▶ [DATASET EXTRACT]:
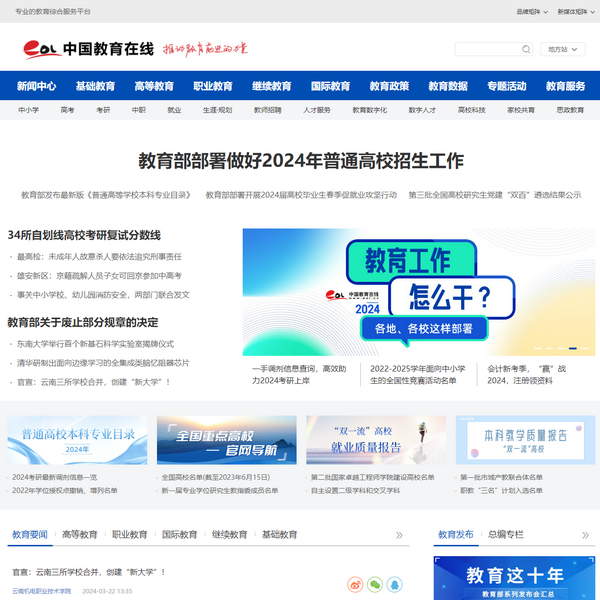 中國教育在線(www.eol.cn)依托CERNET創(chuàng)建于2001年,主要以市場化模式,為社會各界提供各種專業(yè)的教育信息服務。
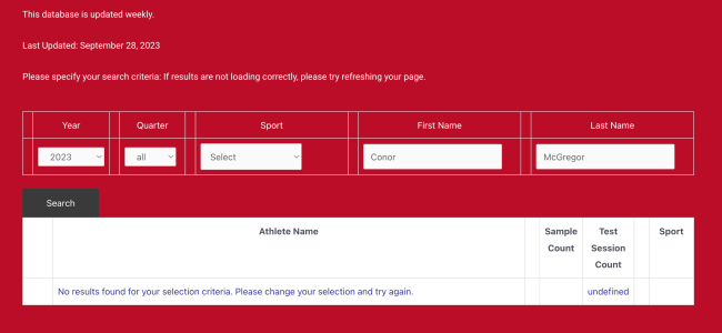 As of a week ago, McGregor was nowhere to be found in the testing pool. Could he have entered since? Sure.
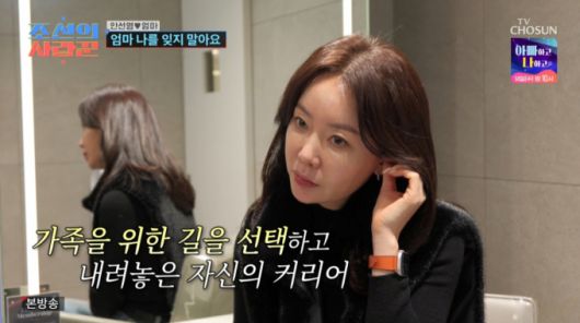 안선영은 "방송일, 아이의 엄마, 엄마의 딸 세 개를 다 할 순 없었다. 그래서 방송일을 포기했다"고 말했다.
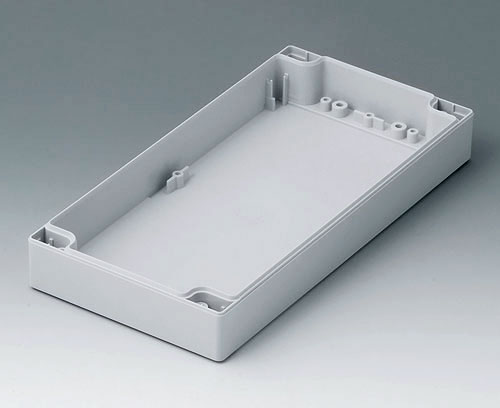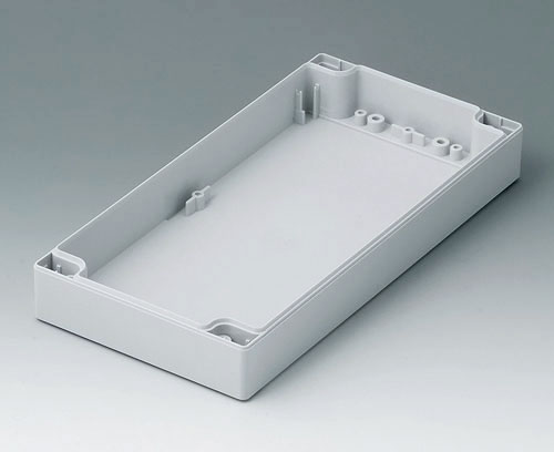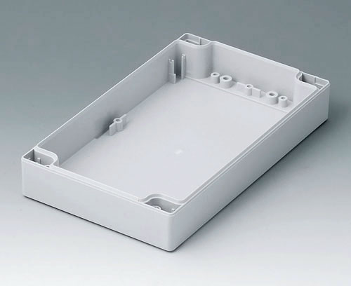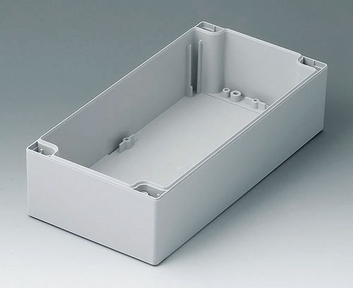 ROBUST-BOX WIDTH 120, Vers, II Robust plastic enclosure, ideal for electrical and electronic applications. Case shells either usable as top or base part. Each case part contains threads and fixing towers. Screw fixing outside of the sealing area. Recess of approx. 0.8 mm for use of membrane keyboards.
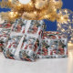 En tysk shepherd med röd och vit halsduk står bredvid ett snögubbe med ett top hat mitt i ett snöslandskap
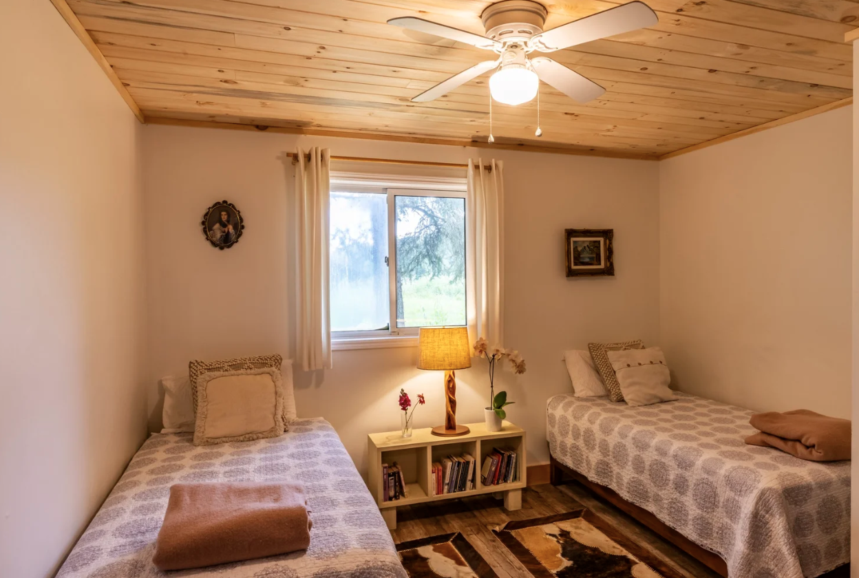 The lodge offers eight bedrooms, each with two twin beds. Every room has been thoughtfully decorated with original artwork created by the loving hands of many people’s grandmothers—embroideries, paintings, prints, books, and soft textiles that bring warmth and a sense of home. Comfortable mattresses, good-quality bedding, wool blankets, and duvets are provided to support deep, restorative sleep.
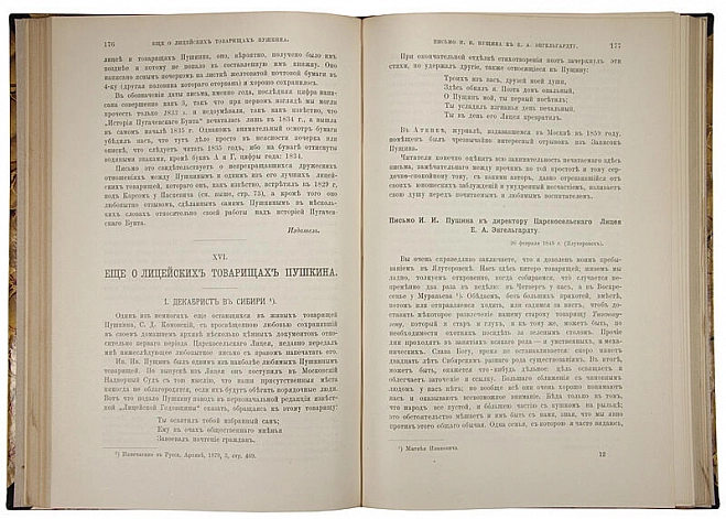 Грот Я. Пушкин, его лицейские товарищи и наставники (Антикварная книга 1899г.) ОПИСАНИЕ Грот Я. Пушкин, его лицейские товарищи и наставники - антикварная книга 1899 года в старинном владельческом переплёте. Статьи и материалы Я. Грота. Издание второе, дополненное, с приложением неизданного письма Пушкина, под редакцией проф. К.Я. Грота. Яков Карлович Грот (1812–1893) - языковед, историк литературы, переводчик. В 1853-1862 годах Яков Карлович – профессор Царскосельского Александровского лицея. Он был учителем и воспитателем великих князей – Николая Александровича и Александра Александровичей (будущего императора Александра III). Под его руководством обучение царских детей стало планомерным и последовательным. С 1862 года он занимался научной и издательской деятельностью II отделения Академии наук, председателем которого являлся с 1884 года и вице-президентом – с 1889 года. Я. К. Грот – автор исследований о писателях XVIII-нач. XIX вв, в том числе «Пушкин, его лицейские товарищи и наставники» и др.

▶ [EXERCISE DETAILS]: Once the line with "En tysk shepherd" is found above, transcribe each line from it through the line with "The lodge offers", exactly, and omit the pictures.

▶ [RESPONSE BOX]:
 En tysk shepherd med röd och vit halsduk står bredvid ett snögubbe med ett top hat mitt i ett snöslandskap
 The lodge offers eight bedrooms, each with two twin beds. Every room has been thoughtfully decorated with original artwork created by the loving hands of many people’s grandmothers—embroideries, paintings, prints, books, and soft textiles that bring warmth and a sense of home. Comfortable mattresses, good-quality bedding, wool blankets, and duvets are provided to support deep, restorative sleep.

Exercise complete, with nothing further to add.